Interupsi singkat dan regular dari resistensi selama gerakan
pasif, dikarenakan oleh tremor yang subklinis, akan
menampakkan gejala rigiditas “cogwheel”.10 Fenomena ini
paling sering ditemukan pada fleksi dan ekstensi berulang
pergelangan tangan.4
Akinesia
Gerakan bertambah lambat (bradikinesia) dan
terutama akan mengalami kesulitan pada gerakan motorik
kompleks, seperti berpakaian, mencukur, menulis (tulisan
menjadi kecil-kecil, micrografia). Kurangnya gerakan spontan
dapat bermanifestasi kurangnya ekspresi wajah (wajah
seperti topeng), kesulitan mengubah posisi misalnya berganti
posisi di tempat tidur, percakapan sedikit dan mononton, dan
pola berdiri dan berjalan yang abnormal, yang sebagian
disebabkan akinesia dan sebagian lagi karena hilangnya
kontrol postural normal.4
Postur
Postur pasien akan menjadi fleksi, atau membungkuk,
kadang dideskripsikan sebagai postur simian, yaitu seperti
kera. Pasien juga tidak mampu mempertahankan posisi
berdiri normal bila diberi tekanan dari depan (akan jatuh ke
7
belakang retropulsi), maupun dari belakang (jatuh ke depan
propulsi). Pasien akan kesulitan memulai berjalan,
sehingga pasien seperti membeku, begitu pula saat gerakan
berbelok. Pasien akan menggunakan gerakan trik untuk
mengatasi ini dengan sengaja melangkah melebihi tongkat
saat hendak mengubah posisi atau melalui pintu. Langkah
menjadi kecil-kecil dan terseret, dan pola berjalan
dideskripsikan sebagai pola festinant yaitu pola dimana
pasien tampak seperti terburu-buru untuk menjaga titik pusat
gravitasi tubuhnya. Tidak ada ayunan lengan saat berjalan.
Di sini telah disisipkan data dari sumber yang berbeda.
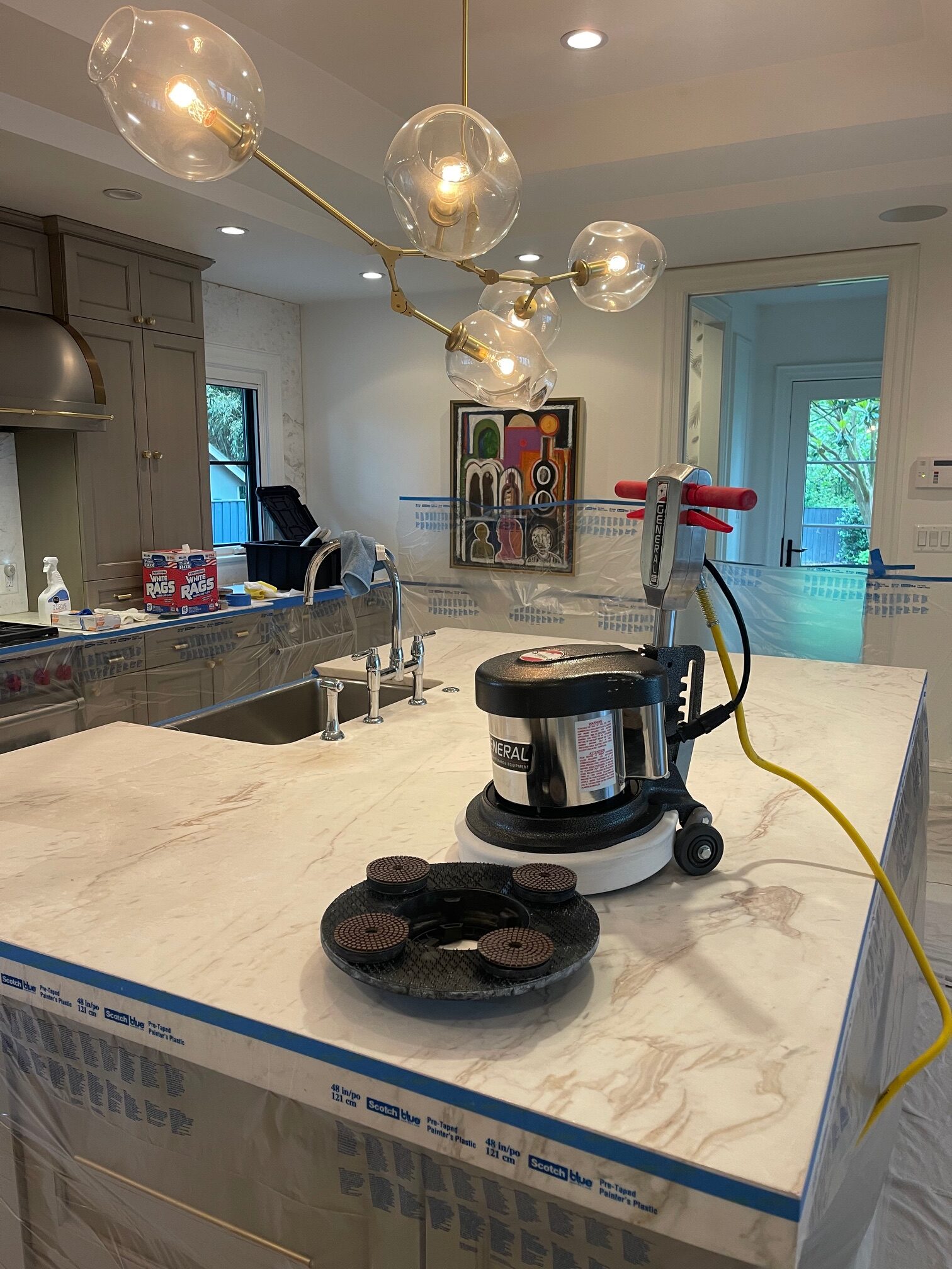 NOVA Stone Care professionals use diamond abrasives or polishing pads with progressively finer grits to grind and hone the surface. Coarser grits remove existing polish or gloss and smooth the surface, eliminating scratches, etches, and irregularities.

Instabilitas postural berat pada tahap lanjut menyebabkan
peningkatan resiko jatuh.4
B. Nonmotor symptom
Gejala sensorik
Gejala sensorik sering memanifestasikan sebagai
sensasi menyakitkan dari kegelisahan batin, dianggap
sebagai bentuk akatisia. Nyeri dan ketidaknyamanan pada
ekstremitas dapat merupakan gejala yang menonjol atau
berkembang ketika obat antiparkinson “wearing off”.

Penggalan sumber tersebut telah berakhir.